License: Creative Commons Attribution 4.0 International (CC BY 4.0)

Usage: COMISET was used to train the behavioral pattern detection component of AI Malware Guardian. The original dataset was not modified or redistributed — only derived model weights are incorporated into the product.

Citation:

Pérez-Sánchez, A., Palacios, R., & López, G. (2025). COMISET: Dataset for the
analysis of malicious events in Windows systems [Data set]. Zenodo.
https://doi.org/10.5281/zenodo.15375146

Binary-30K

Full title: Binary-30K: A Large-Scale Multi-Platform Binary Dataset for Machine Learning Research

Author: Bommarito, Michael J., II (2025)

Dataset: huggingface.co/datasets/mjbommar/binary-30k-tokenized

Paper: github.com/mjbommar/binary-bpe-paper

License: Creative Commons Attribution 4.0 International (CC BY 4.0)

Usage: Binary-30K was used to train the static PE file anomaly detection baseline model in AI Malware Guardian. The original dataset was not modified or redistributed — only derived model weights are incorporated into the product.

Citation:

@article{bommarito2025binary30k,
  title={Binary-30K: A Large-Scale Multi-Platform Binary Dataset for Machine Learning Research},
  author={Bommarito, Michael J., II},
  journal={arXiv preprint},
  year={2025},
  url={https://github.com/mjbommar/binary-bpe-paper}
}

LANL Comprehensive Multi-Source Cyber-Security Events (cyber1)

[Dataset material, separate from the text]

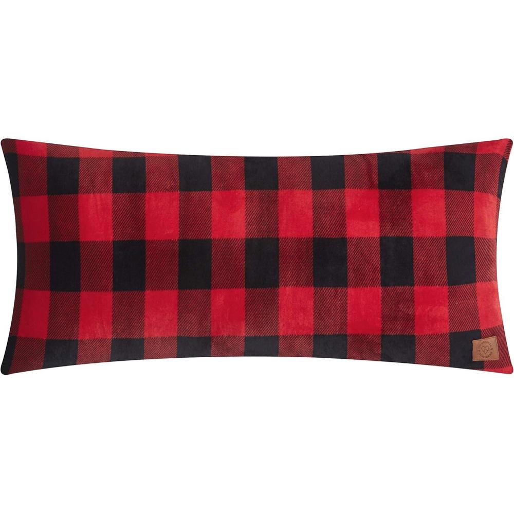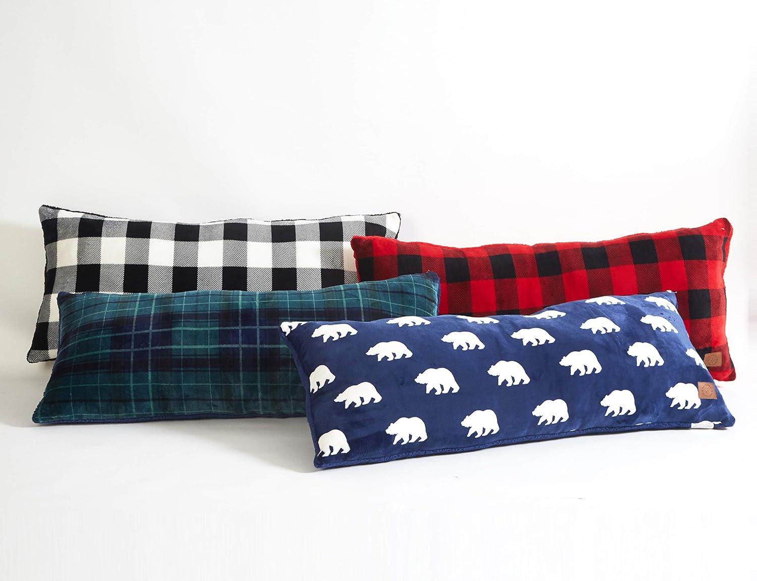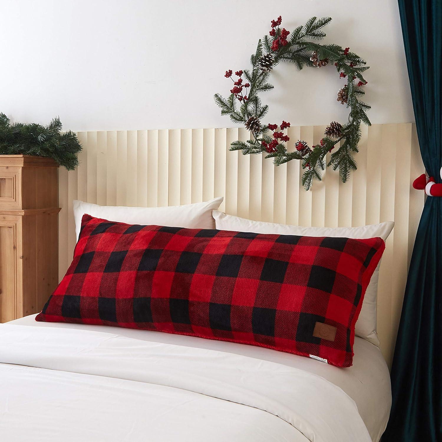 Dearfoams Grey and White Check Plaid Full Body Pillow,Royal Plush with Sherpa Reverse Fabric,48″x20″ Long Pillow(Red and Black)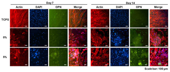 To confirm the expression of the osteogenic markers of the DPSCs on the CS/PEG CPC, the DPSCs were seeded on a 96-well plate (2 × 103 cells/well) with different concentration ratios of CS/PEG CPC samples (0% and 5%) and incubated for 24 h in a humidified CO2 incubator. Subsequently, the DPSCs were substituted with osteogenic differentiation conditioned media on days 7 and 14. Afterward, the cells on the CS/PEG CPC were fixed with a 4% paraformaldehyde solution (Sigma-Aldrich, St. Louis, MO, USA) for 30 min at room temperature. The samples were treated with 0.2% Triton X-100 (Sigma-Aldrich, St. Louis, MO, USA) for 15 min, and then stained with TRITC-conjugated phalloidin (Millipore, Burlington, MA, USA) for 1 h and 4’,6-diamidino-2-phenylindole (DAPI;Millipore, Burlington, MA, USA ) for 5 min. The osteopontin (OPN) protein was stained with monoclonal anti-OPN antibody (1:500, Abcam, Cambridge, MA, USA) and FITC-conjugated goat anti-human antibody for 1 h. A Nikon fluorescence microscope was used to acquire images of the stained cells. Quantitation analysis of expression of OPN was carried out using ImageJ software (NIH, Bethesda, MD, USA).

Full title: Comprehensive Multi-Source Cyber-Security Events

Author: Kent, Alexander D.

Institution: Los Alamos National Laboratory

Year: 2015

Dataset URL: csr.lanl.gov/data/cyber1/

License: CC0 1.0 Universal (Public Domain Dedication) — Los Alamos National Laboratory has waived all copyright and related rights. No attribution is legally required; acknowledgement is provided voluntarily.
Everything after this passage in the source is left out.